*** SUPPLIED INFORMATION Section Begins ***

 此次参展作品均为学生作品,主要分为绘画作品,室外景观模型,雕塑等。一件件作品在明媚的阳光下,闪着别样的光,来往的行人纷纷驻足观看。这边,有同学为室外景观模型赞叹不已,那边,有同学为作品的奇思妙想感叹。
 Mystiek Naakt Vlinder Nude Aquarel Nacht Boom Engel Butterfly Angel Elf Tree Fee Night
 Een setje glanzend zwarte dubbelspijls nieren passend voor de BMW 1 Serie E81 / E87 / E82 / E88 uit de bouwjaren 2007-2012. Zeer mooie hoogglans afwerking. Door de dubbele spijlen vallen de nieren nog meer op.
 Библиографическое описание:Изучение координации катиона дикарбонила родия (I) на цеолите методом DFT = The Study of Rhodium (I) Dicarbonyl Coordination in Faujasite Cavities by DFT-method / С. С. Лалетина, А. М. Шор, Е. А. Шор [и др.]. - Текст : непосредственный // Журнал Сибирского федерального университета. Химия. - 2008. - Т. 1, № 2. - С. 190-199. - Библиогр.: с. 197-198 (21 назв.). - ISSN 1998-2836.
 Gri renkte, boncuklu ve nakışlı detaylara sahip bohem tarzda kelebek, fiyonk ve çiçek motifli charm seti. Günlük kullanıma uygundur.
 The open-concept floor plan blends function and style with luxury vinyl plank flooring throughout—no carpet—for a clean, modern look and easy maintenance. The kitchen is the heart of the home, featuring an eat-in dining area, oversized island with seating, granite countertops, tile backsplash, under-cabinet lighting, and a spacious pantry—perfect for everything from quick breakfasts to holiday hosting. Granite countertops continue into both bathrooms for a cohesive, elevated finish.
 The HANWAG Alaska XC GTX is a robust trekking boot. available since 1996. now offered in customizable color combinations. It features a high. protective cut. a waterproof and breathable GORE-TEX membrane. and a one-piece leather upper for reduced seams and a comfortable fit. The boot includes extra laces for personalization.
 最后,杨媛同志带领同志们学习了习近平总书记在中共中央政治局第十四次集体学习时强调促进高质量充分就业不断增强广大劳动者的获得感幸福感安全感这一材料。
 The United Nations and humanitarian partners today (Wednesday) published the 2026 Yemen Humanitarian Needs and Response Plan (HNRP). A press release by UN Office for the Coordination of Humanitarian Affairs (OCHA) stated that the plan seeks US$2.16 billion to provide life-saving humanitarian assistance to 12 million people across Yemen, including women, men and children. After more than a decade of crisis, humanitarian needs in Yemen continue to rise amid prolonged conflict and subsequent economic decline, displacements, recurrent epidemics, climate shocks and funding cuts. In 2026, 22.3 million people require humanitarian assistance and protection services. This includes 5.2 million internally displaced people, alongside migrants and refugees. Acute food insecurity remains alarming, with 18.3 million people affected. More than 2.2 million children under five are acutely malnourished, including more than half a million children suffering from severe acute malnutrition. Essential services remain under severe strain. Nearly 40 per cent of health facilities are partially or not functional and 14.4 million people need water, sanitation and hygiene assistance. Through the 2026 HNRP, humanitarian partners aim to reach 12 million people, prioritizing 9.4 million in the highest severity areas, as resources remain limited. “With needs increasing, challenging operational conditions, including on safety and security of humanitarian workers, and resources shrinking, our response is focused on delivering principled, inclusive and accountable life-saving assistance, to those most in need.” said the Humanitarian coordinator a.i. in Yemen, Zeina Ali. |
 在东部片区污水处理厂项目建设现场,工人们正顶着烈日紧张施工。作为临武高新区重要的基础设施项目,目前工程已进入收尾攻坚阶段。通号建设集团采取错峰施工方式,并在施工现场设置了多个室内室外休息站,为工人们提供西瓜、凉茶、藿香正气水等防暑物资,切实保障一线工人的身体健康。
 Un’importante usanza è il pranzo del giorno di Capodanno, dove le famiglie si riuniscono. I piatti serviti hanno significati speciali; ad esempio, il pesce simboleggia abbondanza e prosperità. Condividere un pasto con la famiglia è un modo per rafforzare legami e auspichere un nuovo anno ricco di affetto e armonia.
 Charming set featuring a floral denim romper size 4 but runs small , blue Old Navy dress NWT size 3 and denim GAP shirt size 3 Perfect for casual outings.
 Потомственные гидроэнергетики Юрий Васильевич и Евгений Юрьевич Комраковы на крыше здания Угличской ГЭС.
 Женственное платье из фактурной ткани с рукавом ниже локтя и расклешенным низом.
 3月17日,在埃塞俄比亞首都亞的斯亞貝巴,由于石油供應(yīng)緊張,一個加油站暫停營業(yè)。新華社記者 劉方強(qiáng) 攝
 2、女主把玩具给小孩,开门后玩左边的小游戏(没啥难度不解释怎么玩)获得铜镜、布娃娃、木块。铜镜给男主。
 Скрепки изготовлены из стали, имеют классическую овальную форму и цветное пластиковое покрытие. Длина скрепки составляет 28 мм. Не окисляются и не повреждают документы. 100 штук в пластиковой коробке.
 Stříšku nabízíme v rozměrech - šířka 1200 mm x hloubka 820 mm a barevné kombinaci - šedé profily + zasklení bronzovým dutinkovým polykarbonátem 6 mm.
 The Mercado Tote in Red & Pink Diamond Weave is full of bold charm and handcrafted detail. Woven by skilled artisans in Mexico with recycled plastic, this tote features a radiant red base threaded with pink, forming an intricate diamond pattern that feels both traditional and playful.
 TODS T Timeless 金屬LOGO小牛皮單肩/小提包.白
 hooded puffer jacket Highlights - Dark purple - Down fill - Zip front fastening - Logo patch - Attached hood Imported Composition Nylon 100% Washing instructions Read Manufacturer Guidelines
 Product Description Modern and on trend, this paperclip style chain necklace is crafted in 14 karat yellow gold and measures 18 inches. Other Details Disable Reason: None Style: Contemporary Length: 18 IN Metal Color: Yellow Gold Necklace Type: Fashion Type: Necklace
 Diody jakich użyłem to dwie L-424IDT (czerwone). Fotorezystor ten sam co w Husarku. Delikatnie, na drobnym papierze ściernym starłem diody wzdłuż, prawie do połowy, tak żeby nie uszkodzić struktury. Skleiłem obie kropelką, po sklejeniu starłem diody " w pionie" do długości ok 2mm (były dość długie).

*** SUPPLIED INFORMATION Section Ends ***

*EXERCISE OBJECTIVE*. What you should output is every line of the records above, from the first through the line containing "Een setje glanzend", unchanged.

*TASK SOLUTION*.
 此次参展作品均为学生作品,主要分为绘画作品,室外景观模型,雕塑等。一件件作品在明媚的阳光下,闪着别样的光,来往的行人纷纷驻足观看。这边,有同学为室外景观模型赞叹不已,那边,有同学为作品的奇思妙想感叹。
 Mystiek Naakt Vlinder Nude Aquarel Nacht Boom Engel Butterfly Angel Elf Tree Fee Night
 Een setje glanzend zwarte dubbelspijls nieren passend voor de BMW 1 Serie E81 / E87 / E82 / E88 uit de bouwjaren 2007-2012. Zeer mooie hoogglans afwerking. Door de dubbele spijlen vallen de nieren nog meer op.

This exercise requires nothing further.